My friend, Harvey Wasserman, credited with coining the phrase “no nukes,” had been laying the groundwork for me in Columbus and hooked me up with his friends, Bob Fitrakis and Suzanne Patzer, who offered me a room in their beautiful, historic home. Hung out at a local sports bar till they got home, then rolled over to their house and settled in for the night.
Started the morning in my motel room editing more videos and updating the blog, then back on the road. Beautiful weather again (something I’ve been blessed with this whole trip), and more hawk encounters. Late in the day, hit a really bad stretch of road, where the shoulder was extremely narrow and a rumble strip hemmed me in with nowhere to maneuver. Fortunately, it didn’t last too long.
Finally rolled into Warrensburg around dinnertime and pulled into a sandwich shop to grab a quick bite to eat before pushing the final 11 miles to the state park campground. As I prepared to pay, a man walked up to me saying he saw me on the highway earlier in the day and he was buying my meal. Thanks, Shane Collins! Then another person walked into the shop and asked if I was the owner of the yellow trike. She said she saw me on the highway earlier and was fascinated with it, and wished I could have seen the looks on all the other drivers’ faces. There’s something really special about this rocket trike to generate this kind of reaction everywhere I go.

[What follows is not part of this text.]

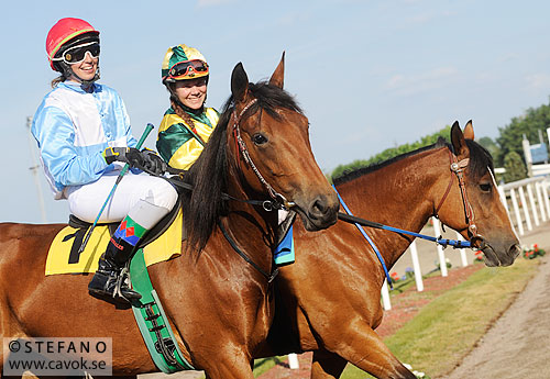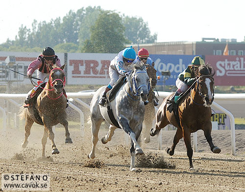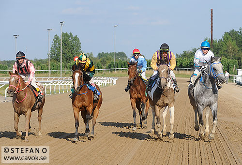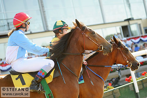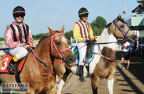 Jag lovade Anette att lägga ut lite bilder från lördagens lopp med Quarterhästar på Jägersro. Ett klart trevligt inslag tycker jag. Fort som tusan gick det. Ni ser kanske att det är Anette Svensson, Annelie Hollstenius, Nathalie Andersson, Tina Henriksson och Therese Hansson som rider. Namnen på hästarna har jag dessvärre slarvat bort. Notera även att några av ryttarna rider med aningen längre stigläder än vanligt. Hästarna är ju inte så vana att gå med galoppsadel.

Over dinner, I told Shane and his girlfriend, Kim, that I was hoping to visit the local air force base the next town over, and they asked if I wanted to visit the Missouri Veterans Home. I didn’t know one was here, so they put in a call to the director to see if they could set something up, but he wasn’t available. So I figured I’d just push on while there was still light to ride. Got back on Hwy. 50, and at the next exit saw a sign for the veterans home, felt a strong pull, and made a spontaneous decision to visit anyway, figuring the rocket trike might brighten a few veterans’ nights. I’d figure out where to sleep later. More synchronicity: right after deciding to make for the Veterans Home, my phone rang. It was one of my best friends, Rick Feller (who served his country in the National Guard).

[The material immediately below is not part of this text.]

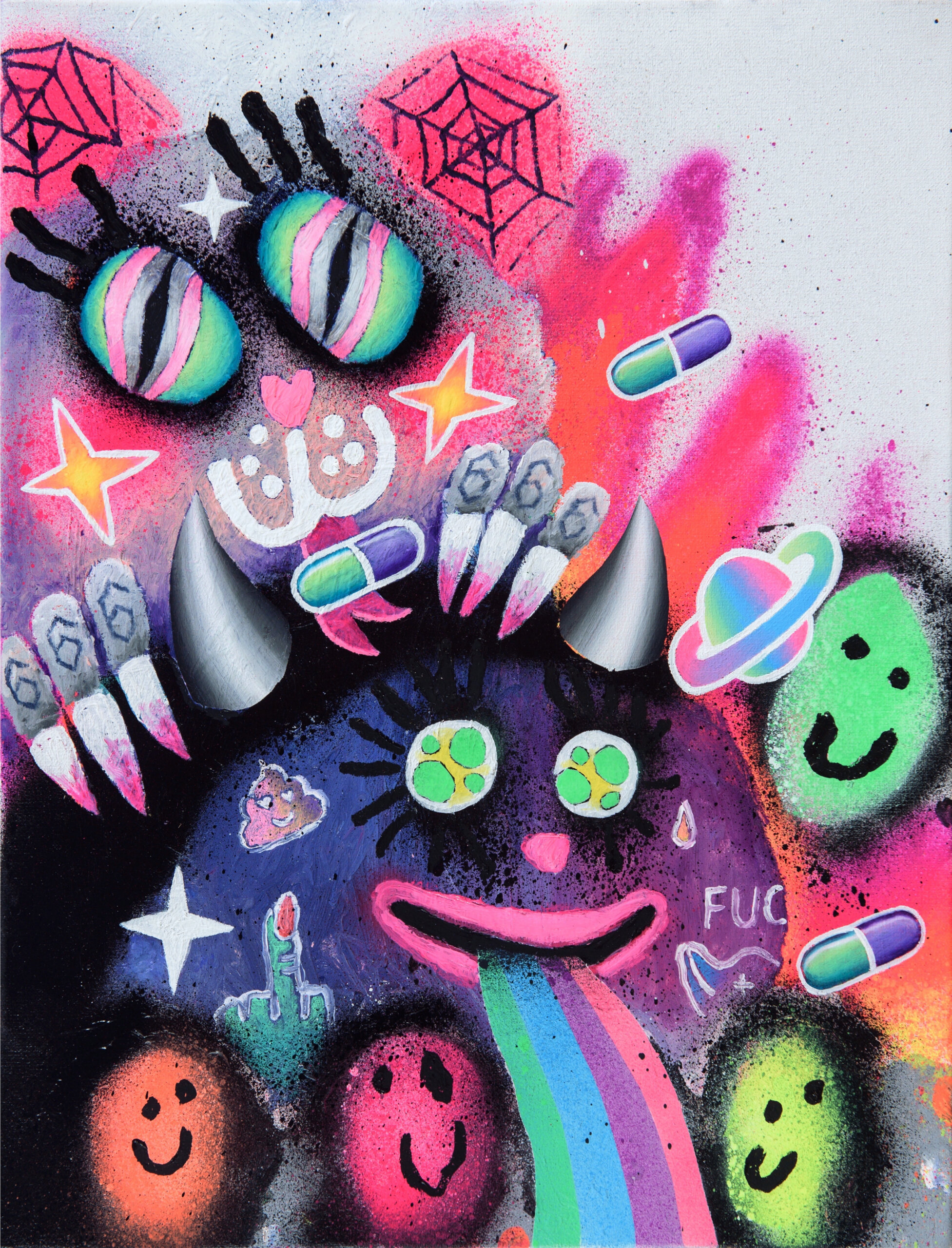 On aime tout particulièrement les portraits signés Atong Atem mettant en scène la diaspora africaine – entre regard postcolonial et réflexion sur l’identité – ou la « mignonnerie hyper-féminine » de Loulou João, qui questionne le racisme et l’altérité de manière ludique et colorée. Pour sa part, France Cadet jette un œil critique sur les évolutions technologiques, tandis que Bel Fullana crée des peintures criardes et insolentes ! Enfin, mention spéciale à Cone the Weird avec ses créatures à la plasticité surprenante qui envahissent la toile comme une colonie de vers.

So I rolled up to the front door, walked in, and asked if I could bring the trike inside. One of the employees commenced to get on the intercom to announce a “rocket trike is in the lobby, with a guy who’s supporting veterans and pedaling across the country.” What happened next is hard to put in words, but was profoundly moving. Veterans from several different wars started rolling into the lobby in their wheelchairs. I answered a bunch of questions about the trike (which everyone seemed to really enjoy), then had some very special one-on-one conversations with Americans who know the true meaning of sacrifice, thanking each of them for their service to our nation. It’s time for our generation to toughen up. 92-year old Frank Spicer, a World War II veteran, tried to adopt me on the spot, so I could stay overnight in the home’s guest room, but the people in charge weren’t buying it. Before leaving, I had the honor of interviewing Frank, a real American hero. First, he shared his D-Day experiences, then his thoughts on the need for green jobs for veterans.
I finally said goodbye, then rode a couple of miles in the dark (not recommended) to a seedy, run down hotel. Had a very strange conversation with the guy at the front desk that I thought might never end, but finally managed to get the room key. Then had to figure out how to fit my trike into a room already crowded with two beds. Thanks to the guy on the cell phone who moved his truck, and to Logan for pitching in without a word to lift the front of the trike over one of the beds. I’m not even halfway through the trip, and have already depleted most of my hotel fund, so hoping I make more campsites from here on in.